> To do:
Nothing is to be left out; print all the entries exactly.
____________________
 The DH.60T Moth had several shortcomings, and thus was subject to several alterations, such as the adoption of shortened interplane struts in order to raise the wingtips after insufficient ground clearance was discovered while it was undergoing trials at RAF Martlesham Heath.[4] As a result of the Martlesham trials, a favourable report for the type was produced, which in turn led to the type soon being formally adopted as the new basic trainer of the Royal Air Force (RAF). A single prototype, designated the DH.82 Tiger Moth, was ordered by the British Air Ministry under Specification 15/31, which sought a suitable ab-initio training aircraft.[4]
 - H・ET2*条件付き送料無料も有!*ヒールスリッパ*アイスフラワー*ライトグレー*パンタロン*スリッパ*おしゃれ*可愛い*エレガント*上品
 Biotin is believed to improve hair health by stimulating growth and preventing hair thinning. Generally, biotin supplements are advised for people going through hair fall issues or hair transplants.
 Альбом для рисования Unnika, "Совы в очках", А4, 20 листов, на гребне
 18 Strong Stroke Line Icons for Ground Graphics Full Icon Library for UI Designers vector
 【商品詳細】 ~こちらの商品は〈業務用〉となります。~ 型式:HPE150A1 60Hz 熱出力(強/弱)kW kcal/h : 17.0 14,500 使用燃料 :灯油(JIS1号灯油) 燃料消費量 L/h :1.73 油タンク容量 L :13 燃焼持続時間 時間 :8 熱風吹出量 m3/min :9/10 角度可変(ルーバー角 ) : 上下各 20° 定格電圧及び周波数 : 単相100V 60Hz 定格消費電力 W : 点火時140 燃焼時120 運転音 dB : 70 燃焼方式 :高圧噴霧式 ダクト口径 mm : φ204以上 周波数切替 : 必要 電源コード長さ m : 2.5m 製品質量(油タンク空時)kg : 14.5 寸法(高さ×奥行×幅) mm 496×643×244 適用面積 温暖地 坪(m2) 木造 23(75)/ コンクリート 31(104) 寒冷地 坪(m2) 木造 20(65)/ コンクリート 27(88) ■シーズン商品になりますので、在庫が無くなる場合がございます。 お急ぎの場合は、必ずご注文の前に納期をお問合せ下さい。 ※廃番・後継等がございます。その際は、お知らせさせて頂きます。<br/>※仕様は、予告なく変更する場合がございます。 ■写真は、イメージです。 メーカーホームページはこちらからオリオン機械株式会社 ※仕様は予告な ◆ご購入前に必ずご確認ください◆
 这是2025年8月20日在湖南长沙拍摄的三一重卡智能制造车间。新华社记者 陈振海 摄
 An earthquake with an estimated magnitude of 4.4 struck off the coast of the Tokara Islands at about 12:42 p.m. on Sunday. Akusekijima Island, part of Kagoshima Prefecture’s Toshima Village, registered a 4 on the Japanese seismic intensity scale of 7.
____________________
> Task answer:
 The DH.60T Moth had several shortcomings, and thus was subject to several alterations, such as the adoption of shortened interplane struts in order to raise the wingtips after insufficient ground clearance was discovered while it was undergoing trials at RAF Martlesham Heath.[4] As a result of the Martlesham trials, a favourable report for the type was produced, which in turn led to the type soon being formally adopted as the new basic trainer of the Royal Air Force (RAF). A single prototype, designated the DH.82 Tiger Moth, was ordered by the British Air Ministry under Specification 15/31, which sought a suitable ab-initio training aircraft.[4]
 - H・ET2*条件付き送料無料も有!*ヒールスリッパ*アイスフラワー*ライトグレー*パンタロン*スリッパ*おしゃれ*可愛い*エレガント*上品
 Biotin is believed to improve hair health by stimulating growth and preventing hair thinning. Generally, biotin supplements are advised for people going through hair fall issues or hair transplants.
 Альбом для рисования Unnika, "Совы в очках", А4, 20 листов, на гребне
 18 Strong Stroke Line Icons for Ground Graphics Full Icon Library for UI Designers vector
 【商品詳細】 ~こちらの商品は〈業務用〉となります。~ 型式:HPE150A1 60Hz 熱出力(強/弱)kW kcal/h : 17.0 14,500 使用燃料 :灯油(JIS1号灯油) 燃料消費量 L/h :1.73 油タンク容量 L :13 燃焼持続時間 時間 :8 熱風吹出量 m3/min :9/10 角度可変(ルーバー角 ) : 上下各 20° 定格電圧及び周波数 : 単相100V 60Hz 定格消費電力 W : 点火時140 燃焼時120 運転音 dB : 70 燃焼方式 :高圧噴霧式 ダクト口径 mm : φ204以上 周波数切替 : 必要 電源コード長さ m : 2.5m 製品質量(油タンク空時)kg : 14.5 寸法(高さ×奥行×幅) mm 496×643×244 適用面積 温暖地 坪(m2) 木造 23(75)/ コンクリート 31(104) 寒冷地 坪(m2) 木造 20(65)/ コンクリート 27(88) ■シーズン商品になりますので、在庫が無くなる場合がございます。 お急ぎの場合は、必ずご注文の前に納期をお問合せ下さい。 ※廃番・後継等がございます。その際は、お知らせさせて頂きます。<br/>※仕様は、予告なく変更する場合がございます。 ■写真は、イメージです。 メーカーホームページはこちらからオリオン機械株式会社 ※仕様は予告な ◆ご購入前に必ずご確認ください◆
 这是2025年8月20日在湖南长沙拍摄的三一重卡智能制造车间。新华社记者 陈振海 摄
 An earthquake with an estimated magnitude of 4.4 struck off the coast of the Tokara Islands at about 12:42 p.m. on Sunday. Akusekijima Island, part of Kagoshima Prefecture’s Toshima Village, registered a 4 on the Japanese seismic intensity scale of 7.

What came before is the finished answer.